2014 Merchandise & Miscellaneous News Archives

July 1, 2014: Examining the Shuster Estate Petition to Supreme Court

Superman Court Case A few days ago the family of Superman co-creator Joe Shuster submitted a petition to the US Supreme Court, seeking to have their claim over the rights to Superman reviewed.

Jeff Trexler, legal expert and friend of the Superman Homepage, has given us his thoughts on what this all means and how it might play out.

    First, when it comes to the Supreme Court, nothing is impossible, so when it comes to any negative arguments they're not meant as a firm prediction that the Court will refuse to hear the case.

    A couple things that the case has going for it: it's from the Ninth Circuit, which has a relatively high reversal rate (the U.S. federal appellate court system is divided into sections covering several states; the term "circuit" is a reference to the old practice of judges riding the circuit, traveling by horse from town to town). Also, there was a dissent in the case, so there is at least some evidence of a differing opinion.

    That said, there's a pretty high wall to jump.
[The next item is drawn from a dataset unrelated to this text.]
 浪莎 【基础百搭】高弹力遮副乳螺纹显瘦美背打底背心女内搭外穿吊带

The Ninth Circuit majority framed this case as a matter of interpreting the contract under state law - it's largely a factual inquiry grounded in interpreting the specific language of the contract, which is not the sort of thing in which the Court tends to get involved. Toberoff tries to get past this by invoking the statute's language re folks retaining the right terminate transfers despite "any" agreement to the contrary, but this runs up against the established case law across circuits + some language in the statute's legislative history, both of which indicate that "any" here does not extend to a contract where the original transfer is being rescinded and regranted.
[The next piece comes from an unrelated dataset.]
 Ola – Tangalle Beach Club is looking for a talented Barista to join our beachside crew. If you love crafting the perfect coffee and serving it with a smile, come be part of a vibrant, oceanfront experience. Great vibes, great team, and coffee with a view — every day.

    Why does the rescind-and-regrant exception make sense? Well, imagine a situation in which an author or heirs go to a publisher and say, "Hey, our termination right is coming up. Give us a bunch of money now, we'll rescind and regrant, and you'll save yourself a lot of hassle later." The publisher pays up, a new contract is issued... and then when the time comes, the author or heirs file for termination anyway, citing the "any agreement" language. The courts have agreed that the policy behind the statute allows for authors and heirs to trade on their rights to secure a better deal; otherwise you open things up to that kind of abuse.

    The petition has a number of other incidental flaws that would pop out to a savvy law clerk or reflective Justice. The bit about how Shuster's siblings had no rights to bargain with since Shuster's copyright interest was still in probate; the distinction between a pension agreement and a settlement; the lack of a viable alternative to the present interpretation embraced by all circuits; the reference to the existence of a dissent as proof that a standard is inherently and improperly vague. While the press reports may see all this as evidence that the case is heating up for the Shuster side, for others it can have the appearance of someone pushing a big rock up a steep hill.